**What is being asked**: The entries below should be set down again exactly, with every picture left out.

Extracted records

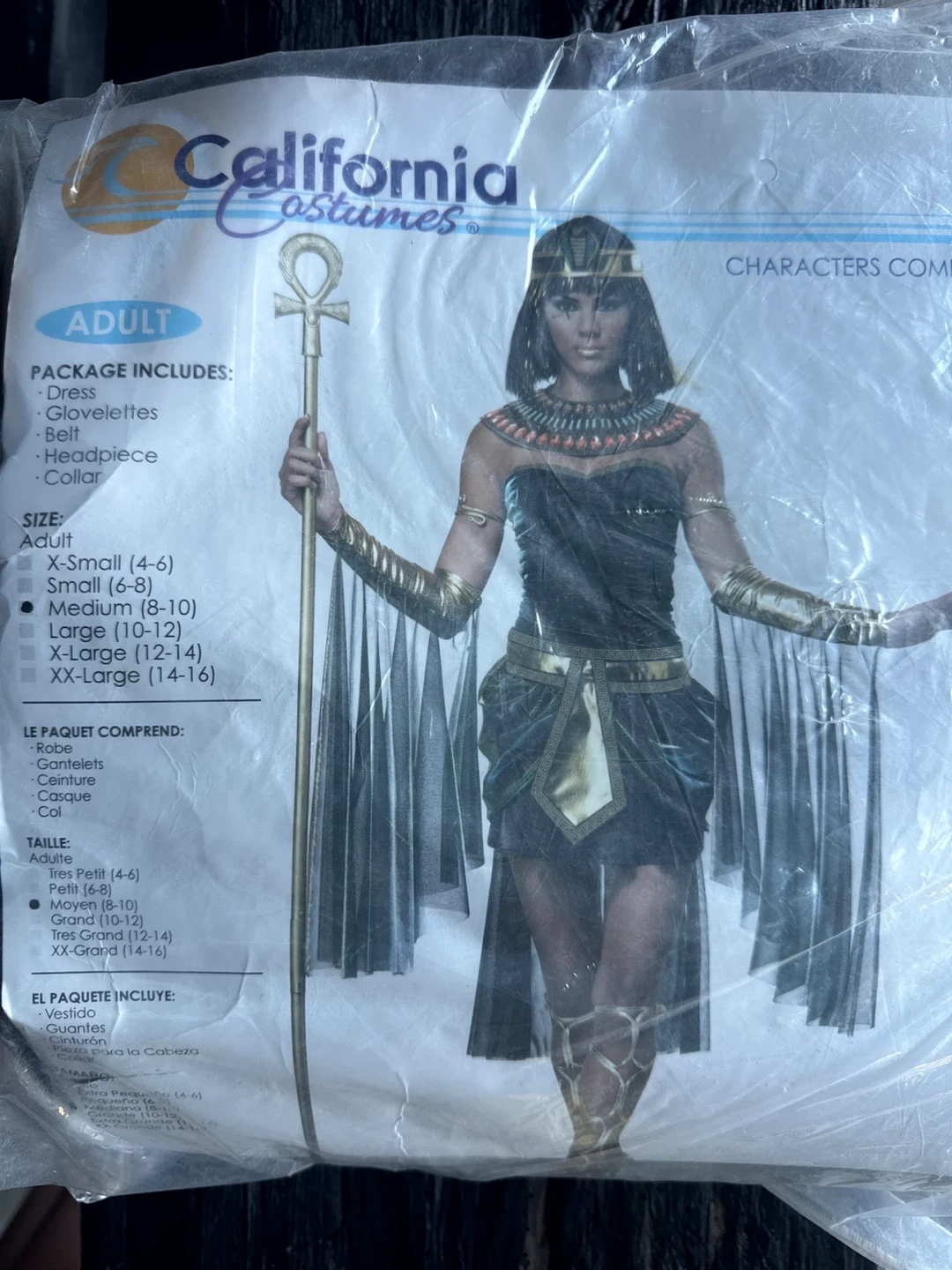 Selling a California Costumes Cleopatra costume for adults! This set includes the dress, glovelettes, belt, headpiece, and collar. It's a size medium (8-10). Perfect for Halloween or costume parties
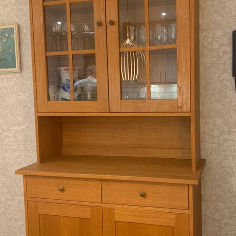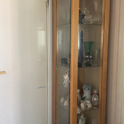 5 st vitrinskåp i ek ön med måtten 140x90x30 i ek, 250 kr /styck (måste bort inom 2 dagar därav priset)
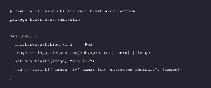 The “zero trust” principle dictates that no entity, internal or external, should be trusted by default. For example, even an internal service request should be thoroughly verified before access is granted. Implementing a zero-trust architecture in your container environment with open-source tools like OPA (Open Policy Agent) ensures that every request is verified, reducing the risk of breaches:
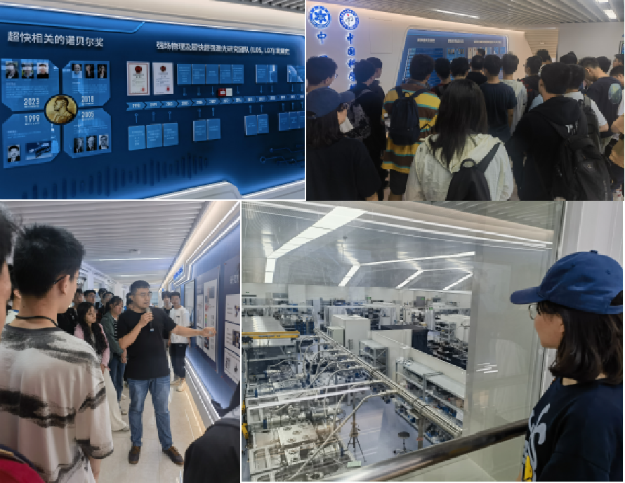 中国科学院物理研究所的钟诗阳副研究员和王进光副研究员为同学们做了精彩的介绍。他们为同学们详细介绍了超快激光的发展历史,近年来的相关诺贝尔物理学奖以及物理所在阿秒和强激光方面的发展历程。并带领同学们参观了带有VR的展览走廊、观看了阿秒激光束线、强激光装置及强场实验靶室等。参观过程中,同学们纷纷表示对阿秒激光和强激光装置产生了浓厚的兴趣。他们与物理所的老师们进行了深入的交流,就激光技术的最新发展趋势、应用前景以及未来发展方向等问题进行了热烈的讨论。
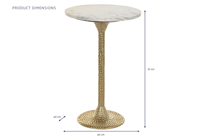 Dimensiones (cm) Longitud 40  |  Fondo 40  |  Altura 61 Material Aluminio  |  Marmol
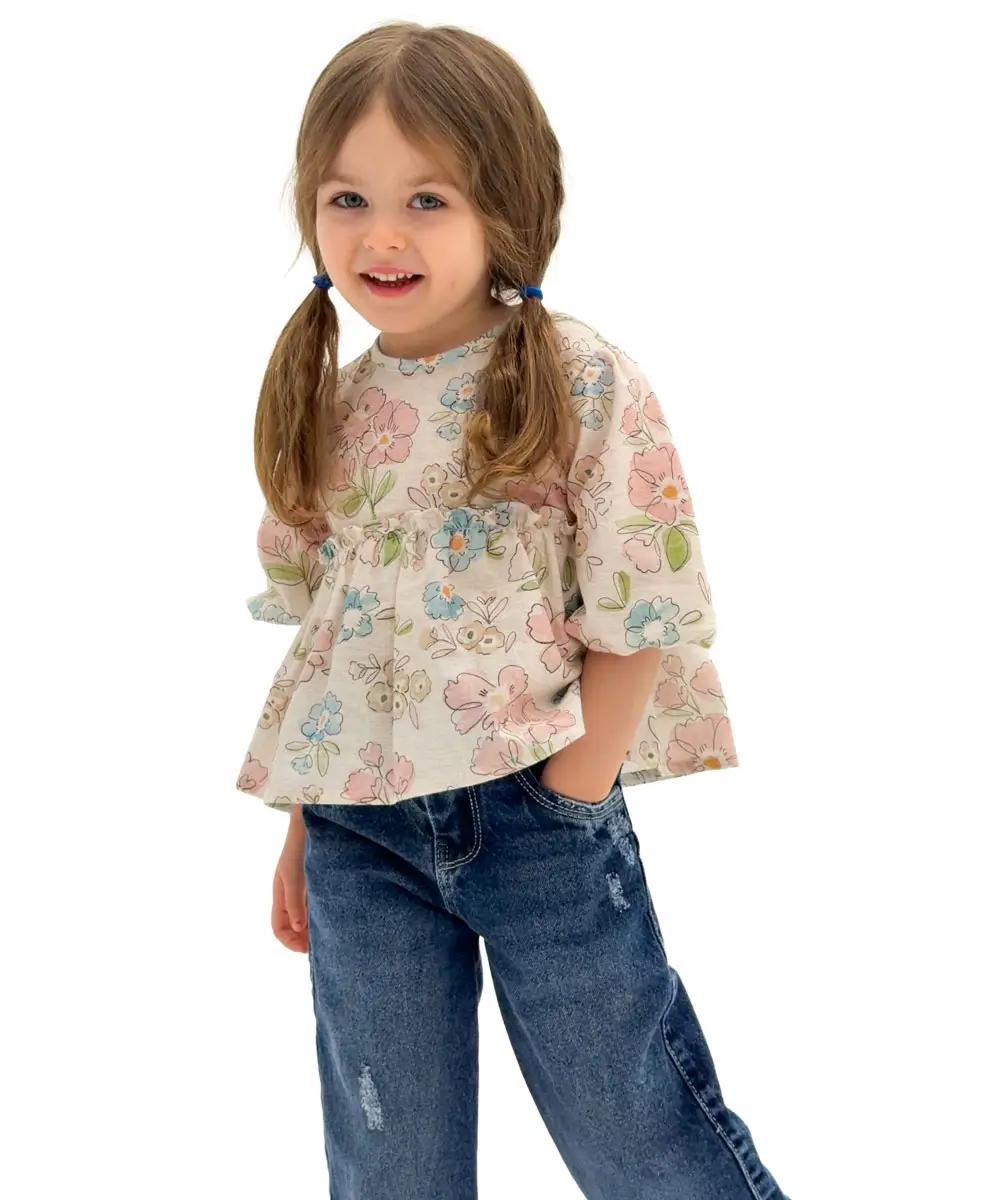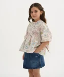 - طراحی شومیز دخترانه ملورینا Melorina کد 43119 با یقه گرد کلاسیک و آستین کوتاه، ظاهری ساده اما شاد و کودکپسند ایجاد کرده است.

**Result of the exercise**:
 Selling a California Costumes Cleopatra costume for adults! This set includes the dress, glovelettes, belt, headpiece, and collar. It's a size medium (8-10). Perfect for Halloween or costume parties
 5 st vitrinskåp i ek ön med måtten 140x90x30 i ek, 250 kr /styck (måste bort inom 2 dagar därav priset)
 The “zero trust” principle dictates that no entity, internal or external, should be trusted by default. For example, even an internal service request should be thoroughly verified before access is granted. Implementing a zero-trust architecture in your container environment with open-source tools like OPA (Open Policy Agent) ensures that every request is verified, reducing the risk of breaches:
 中国科学院物理研究所的钟诗阳副研究员和王进光副研究员为同学们做了精彩的介绍。他们为同学们详细介绍了超快激光的发展历史,近年来的相关诺贝尔物理学奖以及物理所在阿秒和强激光方面的发展历程。并带领同学们参观了带有VR的展览走廊、观看了阿秒激光束线、强激光装置及强场实验靶室等。参观过程中,同学们纷纷表示对阿秒激光和强激光装置产生了浓厚的兴趣。他们与物理所的老师们进行了深入的交流,就激光技术的最新发展趋势、应用前景以及未来发展方向等问题进行了热烈的讨论。
 Dimensiones (cm) Longitud 40  |  Fondo 40  |  Altura 61 Material Aluminio  |  Marmol
 - طراحی شومیز دخترانه ملورینا Melorina کد 43119 با یقه گرد کلاسیک و آستین کوتاه، ظاهری ساده اما شاد و کودکپسند ایجاد کرده است.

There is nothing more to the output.